**Records for the task**
%%

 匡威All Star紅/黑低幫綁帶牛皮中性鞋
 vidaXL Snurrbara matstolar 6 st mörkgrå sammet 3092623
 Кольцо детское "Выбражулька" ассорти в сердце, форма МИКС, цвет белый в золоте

%%
%%

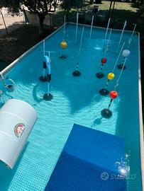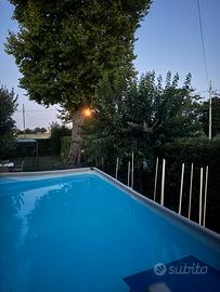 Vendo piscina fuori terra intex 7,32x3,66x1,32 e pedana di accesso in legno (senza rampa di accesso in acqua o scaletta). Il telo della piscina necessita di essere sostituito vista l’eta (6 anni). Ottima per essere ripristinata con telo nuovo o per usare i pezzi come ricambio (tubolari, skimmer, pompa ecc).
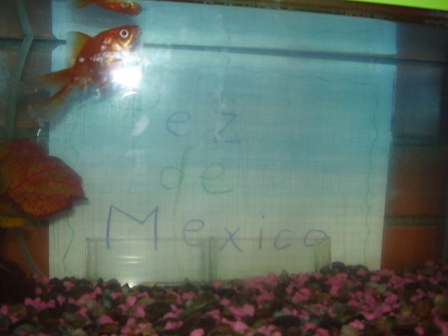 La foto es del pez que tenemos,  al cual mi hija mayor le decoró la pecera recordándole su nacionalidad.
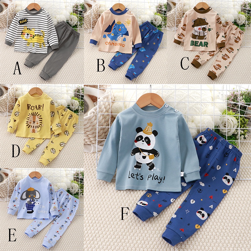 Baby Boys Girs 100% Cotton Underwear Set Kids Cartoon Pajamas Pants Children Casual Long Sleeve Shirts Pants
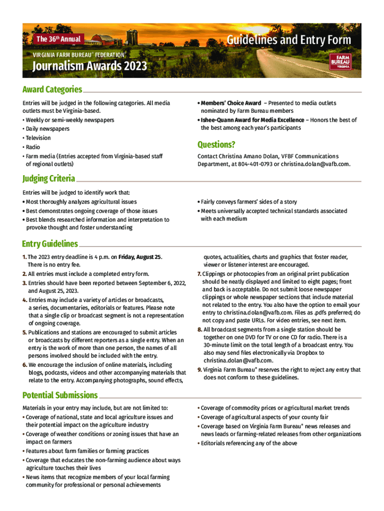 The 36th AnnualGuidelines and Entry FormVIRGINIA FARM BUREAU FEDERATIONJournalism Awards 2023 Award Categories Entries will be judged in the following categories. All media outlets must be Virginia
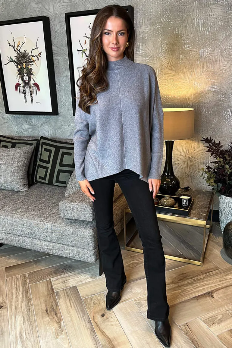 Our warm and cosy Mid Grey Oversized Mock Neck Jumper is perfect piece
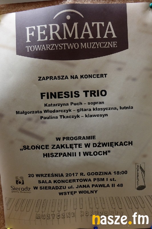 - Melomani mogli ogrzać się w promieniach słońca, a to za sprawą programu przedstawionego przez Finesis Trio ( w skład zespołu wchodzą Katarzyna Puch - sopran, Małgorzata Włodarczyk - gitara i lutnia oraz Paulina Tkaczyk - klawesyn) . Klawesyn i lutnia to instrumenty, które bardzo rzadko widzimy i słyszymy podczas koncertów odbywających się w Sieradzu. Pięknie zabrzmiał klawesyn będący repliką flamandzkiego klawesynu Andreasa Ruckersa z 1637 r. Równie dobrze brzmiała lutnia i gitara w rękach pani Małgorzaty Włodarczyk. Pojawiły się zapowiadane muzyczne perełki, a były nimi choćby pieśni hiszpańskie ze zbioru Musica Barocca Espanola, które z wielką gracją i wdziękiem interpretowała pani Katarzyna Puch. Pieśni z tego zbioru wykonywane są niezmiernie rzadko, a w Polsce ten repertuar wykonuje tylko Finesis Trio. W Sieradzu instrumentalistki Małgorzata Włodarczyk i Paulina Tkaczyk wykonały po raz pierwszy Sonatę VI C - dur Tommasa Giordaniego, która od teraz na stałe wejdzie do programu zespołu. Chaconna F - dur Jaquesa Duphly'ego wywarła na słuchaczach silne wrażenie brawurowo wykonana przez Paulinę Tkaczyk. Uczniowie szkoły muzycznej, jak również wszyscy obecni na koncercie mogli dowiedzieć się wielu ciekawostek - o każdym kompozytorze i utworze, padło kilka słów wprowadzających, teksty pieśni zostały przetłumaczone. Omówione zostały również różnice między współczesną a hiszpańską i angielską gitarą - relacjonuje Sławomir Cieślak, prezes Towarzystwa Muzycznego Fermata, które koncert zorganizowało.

%%
%%

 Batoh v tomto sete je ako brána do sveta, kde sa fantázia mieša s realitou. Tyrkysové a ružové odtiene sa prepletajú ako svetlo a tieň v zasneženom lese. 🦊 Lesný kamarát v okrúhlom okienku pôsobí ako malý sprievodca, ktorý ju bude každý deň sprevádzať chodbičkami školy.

%%

**What is expected**
Go to the line in the material above that contains "vidaXL Snurrbara matstolar" and copy exactly from there through the line that contains "белый в золоте", stopping after it.

**Exercise output**
 vidaXL Snurrbara matstolar 6 st mörkgrå sammet 3092623
 Кольцо детское "Выбражулька" ассорти в сердце, форма МИКС, цвет белый в золоте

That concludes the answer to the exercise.